▸ **Instructions to follow**:
In the material below, find the span from the line with "Tuy nhiên, trên" to the line with "FLIP-FLOPS BLACK COWHIDE" and transcribe only those lines, exactly, ends included, without the pictures.

▸ **Listed entries**:
BEGIN

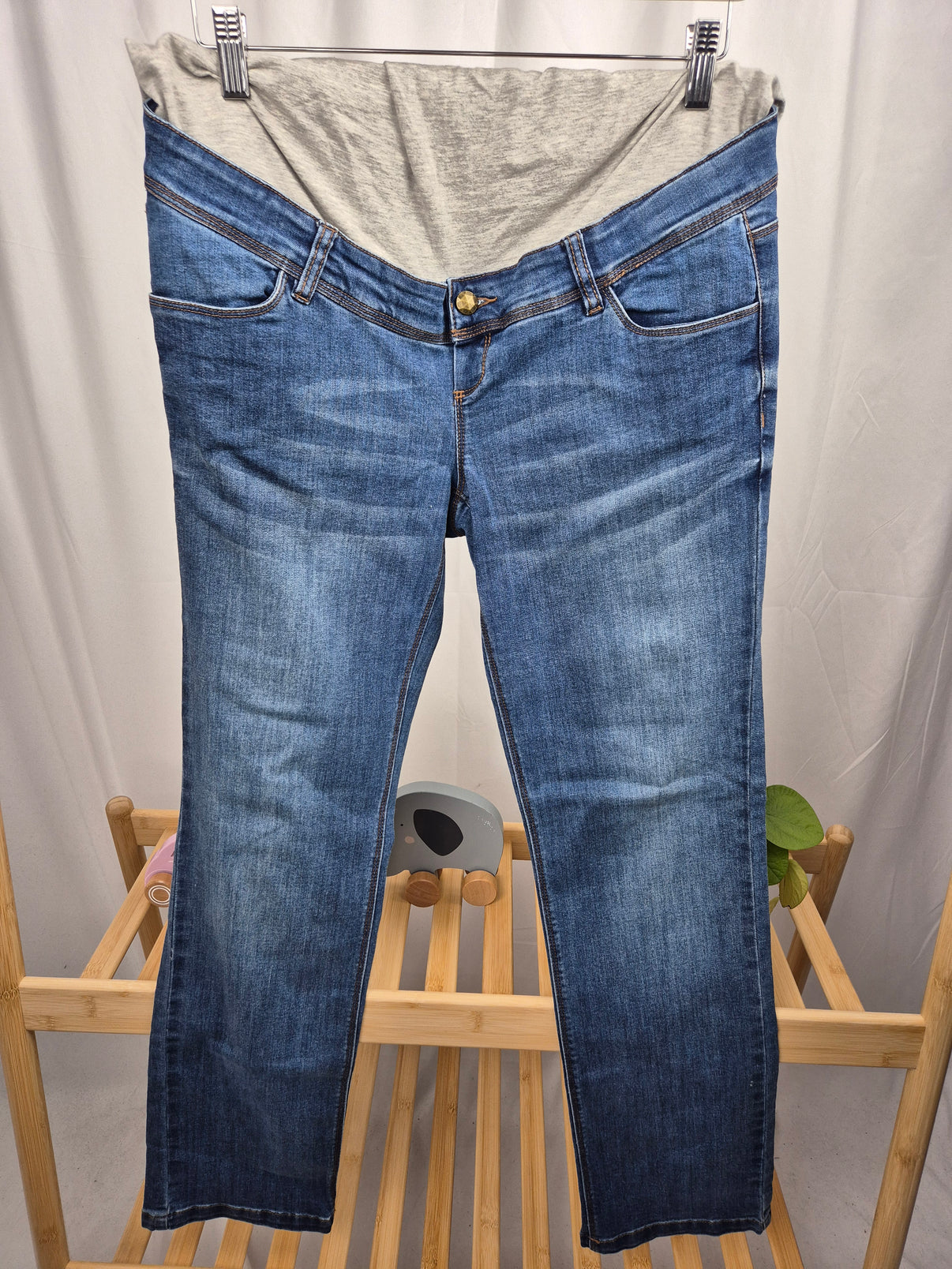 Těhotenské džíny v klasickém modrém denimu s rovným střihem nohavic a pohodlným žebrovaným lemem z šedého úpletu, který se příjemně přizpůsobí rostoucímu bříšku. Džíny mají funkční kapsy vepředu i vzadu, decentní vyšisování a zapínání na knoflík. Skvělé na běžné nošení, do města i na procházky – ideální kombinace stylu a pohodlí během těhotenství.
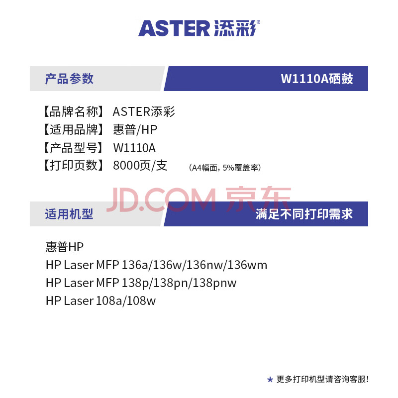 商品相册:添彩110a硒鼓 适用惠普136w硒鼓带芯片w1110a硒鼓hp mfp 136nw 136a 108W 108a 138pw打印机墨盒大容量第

END
BEGIN

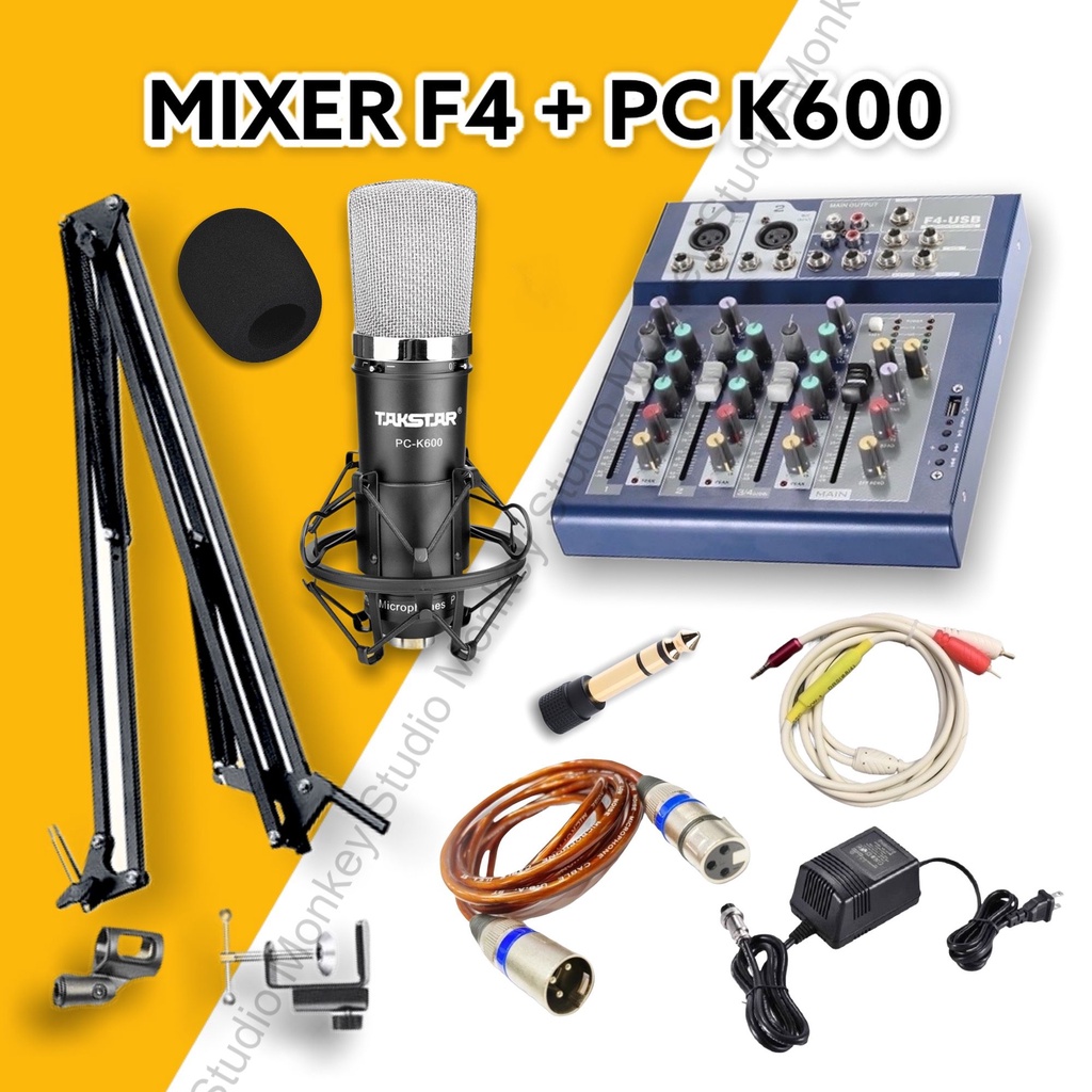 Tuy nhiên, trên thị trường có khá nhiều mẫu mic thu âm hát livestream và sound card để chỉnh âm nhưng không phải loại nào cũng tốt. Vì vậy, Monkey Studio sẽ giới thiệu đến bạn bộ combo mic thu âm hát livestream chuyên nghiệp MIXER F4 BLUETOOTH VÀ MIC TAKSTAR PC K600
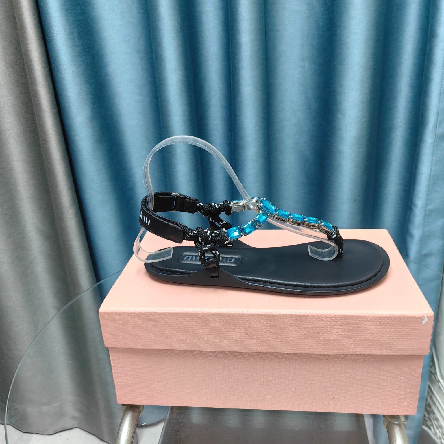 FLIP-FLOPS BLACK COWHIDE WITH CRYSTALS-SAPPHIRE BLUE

END

▸ **Response below**:
 Tuy nhiên, trên thị trường có khá nhiều mẫu mic thu âm hát livestream và sound card để chỉnh âm nhưng không phải loại nào cũng tốt. Vì vậy, Monkey Studio sẽ giới thiệu đến bạn bộ combo mic thu âm hát livestream chuyên nghiệp MIXER F4 BLUETOOTH VÀ MIC TAKSTAR PC K600
 FLIP-FLOPS BLACK COWHIDE WITH CRYSTALS-SAPPHIRE BLUE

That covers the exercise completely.